Walking the fine line between tax mitigation and tax evasion is hard enough under the IRS’s normal rules. Add the complexity of AMT and it starts to get crazy. If you suspect you may be hit with the AMT, you really should consider hiring a tax professional before taking any specific actions.

With that disclaimer in place, here a few steps you can take to minimize the damage of ATM rules.

1. Invest in Your Retirement

Reduce your adjusted gross income by investing as much as you can into tax-deferred accounts, such as a 401(k), a 403(b), a 457(b) plan or an IRA.

2. Invest in Pre-Tax Healthcare

Instead of including medical expenses as an itemized deduction, which are harder to claim under AMT, sign up for a pre-tax medical deduction plan. This will reduce your salary and help both the AMT and your regular tax.

3. Spread Gains and Losses

Reduce the impact of large, one-time gains and deductions by delaying the sale of an asset. If delay is not practical you can also spreading out big gain or losses by structuring payments into several installments.

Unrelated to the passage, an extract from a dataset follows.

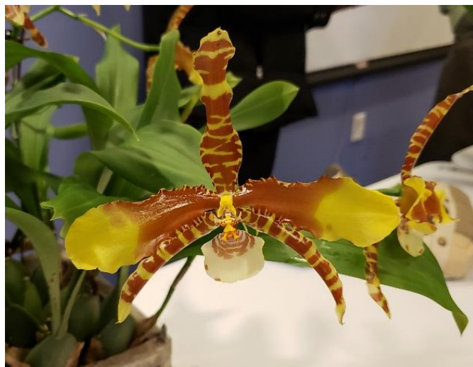
Paph. Toni Semple and Ros. Grande
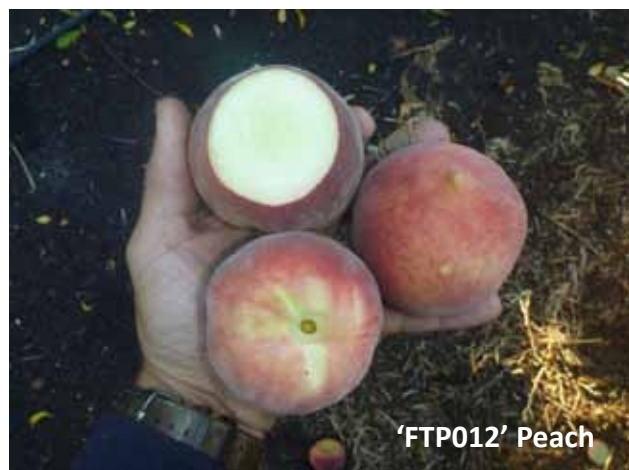
'FTP012' Peach. Stage 1 Evaluation page 14.

4. Exercise Stock Options Strategically

If you know you are going to be subject to AMT, sell incentive stock options the same year you exercise them. If you exercise and sell in the same year, you have to pay regular tax on the income but not AMT. Even the AMT has a silver lining. If you decide to hold incentive stock options, wait to sell them in years when you don’t face AMT tax brackets.

5. Business Expenses Refunds are Your Friend

Ask your employer to pay you back for business expenses you incurred as an employee. Under AMT rules this is a tax-free event. Under regular tax rules, claiming for unpaid business expenses as an employee is smart because it reduces your taxable income. With AMT, any unpaid business expenses you claim for as an employee are added back to your income.

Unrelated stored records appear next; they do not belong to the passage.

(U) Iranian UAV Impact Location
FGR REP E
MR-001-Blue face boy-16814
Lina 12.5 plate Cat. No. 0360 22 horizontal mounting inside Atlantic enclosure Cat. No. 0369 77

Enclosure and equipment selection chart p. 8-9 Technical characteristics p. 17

6. Take Bare-Minimum Deductions

Minimize your state and local tax deductions, a deadly AMT trigger, by only paying property taxes when they are due. Prepaying for state and local taxes is great when you claim them as a tax deduction, but under AMT rules they come back to bite you.

You May Need A Pro

Mitigating your taxes under the alternative minimum tax system can feel like someone moved the goalposts or changed the rules half way through a game, because most deductions and tax breaks no longer apply. Previously effective tax mitigation measures can become expensive tax traps and the most tax-efficient moves may feel counter-intuitive or even foolish. So, if you’re playing under AMT rules this year, you may want to consider hiring a tax professional who is used to the AMT playbook, even if you normally file your own taxes.